Presque instinctivement, Trassk donna ses ordres et l'on commença à barricader avec chaises et tables les multiples ouvertures. Les derniers miliciens -et ils n'étaient pas nombreux- prenaient position aux fenêtres et guettaient le moindre mouvement suspect. Certains colons, armés de fusils à projectiles totalement obsolètes, se chargèrent de les imiter, comme portés par un élan d’héroïsme. De même, quelques droïdes B1, qui n'avaient pas été affectés aux barricades ou à la première ligne, remuaient silencieusement la tête à la recherche d'ordres ou d'explications. Dans tout ce chaos, le T'doshok ne savait plus où donner de la tête.
- Trassk, il nous faut agir ! Ils sont en train d'aligner le reste de la colonie dehors ! Ils vont les exécuter ! Lâcha soudainement l'Abyssin en se postant à côté de son comparse. Leur protection, c'était notre priorité, cela l'a toujours été ! Bon sang... Nous devons nous rendre à l'évidence Trassk, la reddition est le seul moyen d'épargner le plus grand nombre.
- Je sais Monr... La situation dépasse l'entendement, et je me pose mille questions. Sans le renfort des droides de combat de la CSI et l'arrivée fracassante de ces salopards, nous n'aurions probablement pas tenus aussi longtemps. Mais il est hors de question de nous rendre, ils vont probablement tous nous tuer. Murmura presque pour lui-même l'imposant lézard. Il lui fallait prendre une décision, et rapidement. Monr, il existe un passage souterrain sous la sous-préfecture, je ne sais pas vraiment où il mène, mais je sais que Sconcebois l'a utilisé pour fuir. Prends les colons avec toi et partez le plus loin possible, je me chargerai de retenir l'attention de nos visiteurs.
- Trassk, il est hors de question de te laisser ici seul ! Tu es le chef de la milice, tu es un symbole pour cette colonie ! S'indigna Monr en posant son unique œil sur le Trandoshan.
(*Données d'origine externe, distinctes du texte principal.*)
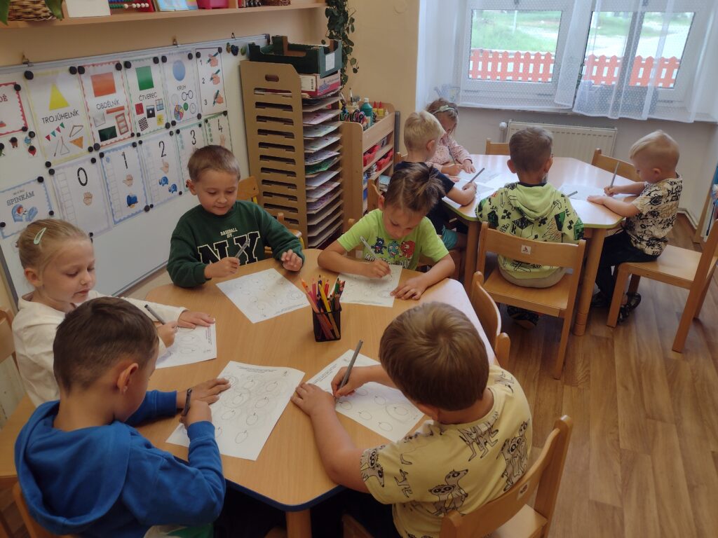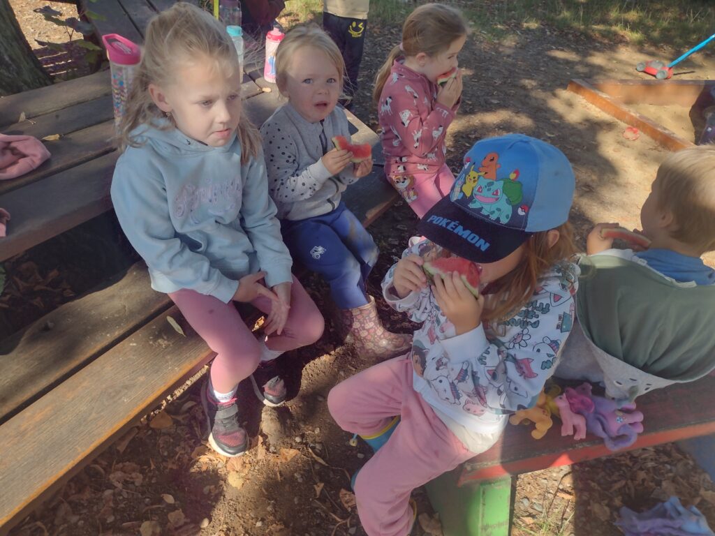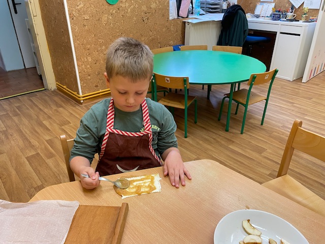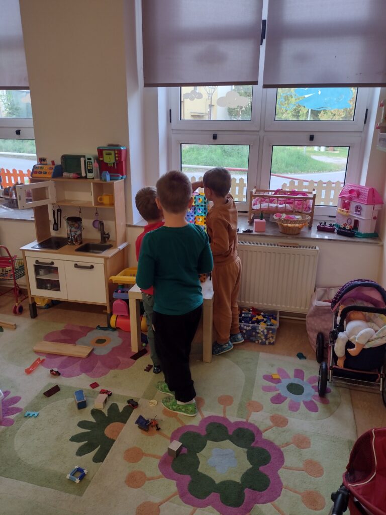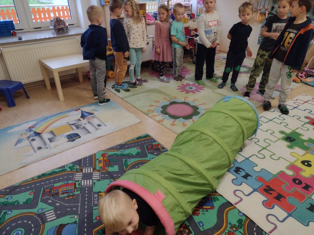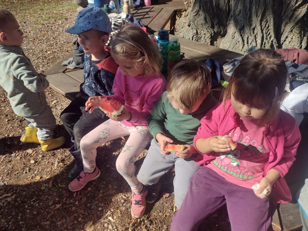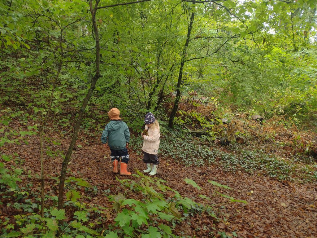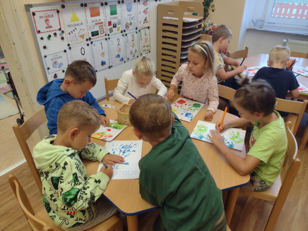 Děti přivítaly podzimní vílu Jabloňku básničkou a písničkou. V lese prozkoumávaly terén a stavěly domečky z přírodnin.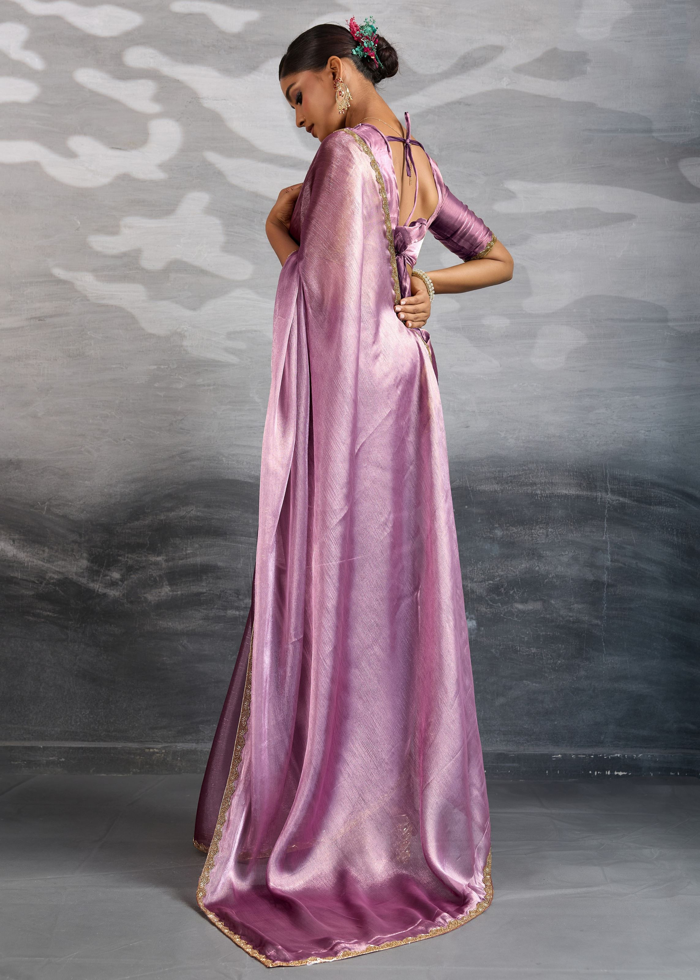 Gracefully subtle and endlessly elegant, this Onion Pink Burberry Chiffon Saree is an ode to soft glam and timeless craftsmanship. Designed with delicate bead embellishments and shimmering Cutdana lace, it blends minimalism with festive sparkle. The Burberry Chiffon fabric drapes like a dream—lightweight, breathable, and perfect for day-to-night occasions.

- Mon ami, l'heure est venue pour nous de nous séparer. Je vous offre une unique chance de pouvoir survivre. Tu ne dois pas la laisser passer ! Si les Sith venaient à trouver ce passage à temps... Nous perdrions alors tout espoir. Rajouta le reptile afin de persuader son collègue. Visiblement, il avait fait mouche. Peut-être que les expressions d'horreur qui figeaient les visages des réfugiés achevaient de le convaincre. Harvey !
L'ex-impérial ne tarda pas à rappliquer et salua presque machinalement Trassk à la façon des soldats. Même s'il n'avait jamais imposé un tel respect de la hiérarchie et une rigueur militaire, l'imposant T'doshok ne tint pas compte de cet incident sans importance. L'intensité des combats, bien que très brefs, avaient sûrement réveillé chez l'homme de vieux instincts. Les yeux rougis suite à une exposition assez longue aux fumées âcres dégagées par les incendies, Harvey semblait toujours prêt à en découdre, comme s'il n'accordait aucune importance à sa vie. La dureté des entraînements impériaux avait probablement joué un rôle dans cette façon de penser.
- Harvey, Monr va emmener les colons loin de cet enfer, tu seras chargé de leur protection. Je compte sur toi. Continua le Trandoshan avec un calme exemplaire et confiant son blaster à son bras droit.
- Bien compris. Bonne chance camarade. Se contenta de répondre le soldat, il avait appris à ne pas poser de question.
- On se retrouvera dans un monde meilleur !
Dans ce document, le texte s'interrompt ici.